Posted: Mon May 02, 2005 5:04 pm
by Chris Corbyn
Hi,

OK my situation is a lot more complex so I'll probably pick a very bad example but it's the logic I can't figure.

Lets say for example I have a function:

Code: Select all

function parabola($x) {
    $y = -1 * $x * $x + 10;
    return $y;
}
Now *imagine* you don't know what the operation is in that function.... all you know is that it outputs a parabola which intercepts the X axis (but we don't know the values).

Image

I want to use trial and error to find what value(s) I input to be within 0.01 of 0.

With me so far?

I need to work out the logic for getting PHP to do the trial and error for me.

I also *know* that these values lies somewhere between -100 and +100 and we also know that going back as far as -100 we are guarunteed to be below the X axis.

I can use two loops if necessary (one that goes forwards and one which goes backwards) to get each point.

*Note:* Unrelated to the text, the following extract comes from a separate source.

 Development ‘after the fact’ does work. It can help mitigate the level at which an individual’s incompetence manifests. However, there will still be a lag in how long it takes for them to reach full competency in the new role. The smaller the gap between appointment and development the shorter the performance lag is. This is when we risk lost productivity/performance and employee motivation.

I want to avoid writing a whole function to do this. It's going to be part of a single function which *ideally* I dont want to be dependant upon other functions.

The plan was initially to use a for() loop.

Code: Select all

//This should get the first X intercept to within 0.01
$increment = 1;
$i = false;
$intercepted = false;
for ($x=-100; $x<=100; $x+=$increment) {
    $y = parabola($x);
    if ($i == true) {
        $intercepted = true;
    }
    
    if (($y/abs($y)) == +1) { //Now above the X axis
        $i = true;
        $increment *= -1; //Track backwards again
    }
    
    if ($intercepted == true) {
        if (($y/abs($y)) == +1) { //Above axis
            //Do something to the increment to home in on the value
        } else {
            //Do soemthing else to the increment to home in on the value
        }
    }

    if (abs($y) < 0.01) {
        echo $y;
        break;
    }
}
Anybody ever done anything like this before?

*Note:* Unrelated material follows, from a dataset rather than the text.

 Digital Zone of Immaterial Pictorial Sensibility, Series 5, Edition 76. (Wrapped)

Posted: Mon May 02, 2005 5:13 pm
by Skara
The only way I can think of is to return the integer closest to it. Simply record $y as $closest and check if the next $y is closer or not.

I don't know why you can't know what goes on inside the function. If you ask me, you should calculate the intercepts within the function and return an array of data.
e.g.
return array($y, $i[1], $i[2], $i[n]);
(where $i[?] is an intercept)

Posted: Mon May 02, 2005 5:16 pm
by timvw
If i understand it right:

you have a parabolic function, general function prescription is:
f(x) = ax² + b

you know a and b
you want to find out where f(x) = 0 ?

---------------------------------------------------------------------
this comes down to solving the equation:

in the case where a != 0
0 = ax² + b <=> -b/a = x² <=> x = + square(-b/a) or x = - square(-b/a)

in the case where a = 0
0 = 0 x + b => b = 0 <=> the function is always 0 (if b != 0, you have a false equation)


You also need to calculate where the function becomes 0.1 in the same way.


=> Because a parabol is continuous, you can conclude that all the values between those two pairs are in the interval you want...

Posted: Mon May 02, 2005 5:18 pm
by Chris Corbyn
Like I say my situation is far more complex (I wont even burden you with it).

I know it can done be right up to nearest 0.01 or whatever. You just need to keep backtracking and changing the amount you move by until you have the value within the correct range.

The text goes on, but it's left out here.